Hastaların değişik nedenlerle ilaçlarını birdenbire kesmelerinin ciddi komplikasyonlara yol açabileceği unutulmamalıdır. Tansiyonu bir yay gibi düşünecek olursak bu yaya basan gücün bir anda kaldırılması nasıl ki yayı fırlatırsa tansiyon ilacının aniden kesilmesi de bir anda tansiyonu fırlatarak inme , kalp krizi veya beyin kanamasına yol açabilir. Buna “rebound etki” diyoruz. İlaçların mutlaka azaltılarak kesilmesi gerekir ki bu süre en az 10 gün olmalıdır.
Evde ölçülen tansiyonun yüksek çıkması sonrası felç olurum korkusuyla acil servise koşturulması da ilacını düzenli kullanan hastalar için çoğu zaman gereksizdir. Özellikle hiçbir yakınması olmayan hastalarda kan basıncının kısa sürede düşürülmeye çalışılması gereksiz ve hatta zararlı olabilecek bir uygulamadır. Hipertansif acil tabloları sırasında düzeltilmesi gereken, kan basıncındaki yükseklik değil, hastanın yakınmalarıdır. Acil servislerde ve maalesef bazen de hastanın evinde kullanıldığına sıkça şahit olduğumuz dil altı Kapril veya benzeri ilaçların uygulanması gereksizdir. Yakın zamana kadar kullanılan dil altı Nifedipin de zararlı olduğu saptanarak terkedilmiştir.

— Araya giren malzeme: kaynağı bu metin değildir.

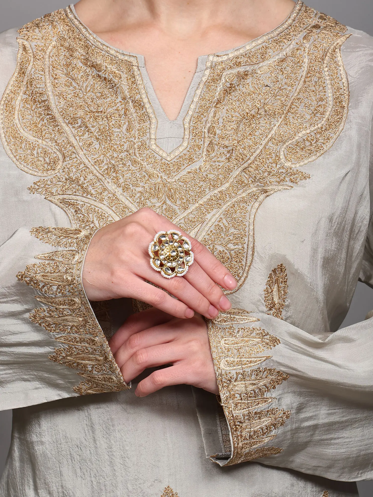 Immerse yourself in the rich heritage of Kashmiri craftsmanship with this exquisite straight salwar suit set. Crafted from luxurious art silk, this ensemble offers a sophisticated sheen and a graceful drape, making it perfect for occasions where understated elegance is key. The delicate fabric feels soft against the skin, promising comfort without compromising on style. The ensemble features a beautifully designed straight-cut kurta, which offers a flattering and contemporary silhouette. The neckline is adorned with intricate golden chain stitch embroidery, a testament to the artisanal skill of Kashmir. This detailed work forms a captivating motif that cascades down the front of the kurta, drawing the eye and adding a touch of regal charm. The same delicate embroidery graces the cuffs of the long sleeves, creating a harmonious and polished look. Scattered across the kurta are smaller, elegantly placed embroidered motifs, further enhancing its visual appeal and showcasing the meticulous attention to detail. The accompanying salwar is designed for both comfort and style. Its straight-leg cut provides a clean and modern line, while the elasticated waistband ensures a perfect and comfortable fit for various body types. The hem of the salwar mirrors the intricate embroidery found on the kurta, featuring a beautiful border that adds a refined finishing touch. This coordinated detailing ensures that every element of the outfit speaks of quality and thoughtful design.

Çoğunlukla belirti vermeyen bir hastalık için ömür boyu ilaç kullanımı konusunda hastanın ikna edilebilmesi çoğu zaman güç olmaktadır. Hipertansiyona bağlı olarak zaman içerisinde gelişebilecek hedef organ hasarının iyi bir şekilde anlatılması bu süreçte işe yarayabilir.
Hipertansiyon tedavisi ömür boyu süreceğinden takip periyotlarının da tedavinin etkinliği, yan etkiler, risk faktörleri ve hedef organ hasarının değerlendirilmesi için uygun aralarla seçilmesi gerekir. Kan basıncı tam olarak kontrol altına alındıktan sonra 6 aylık aralıklarla yapılacak kardiyoloji muayeneleri yeterli olacaktır.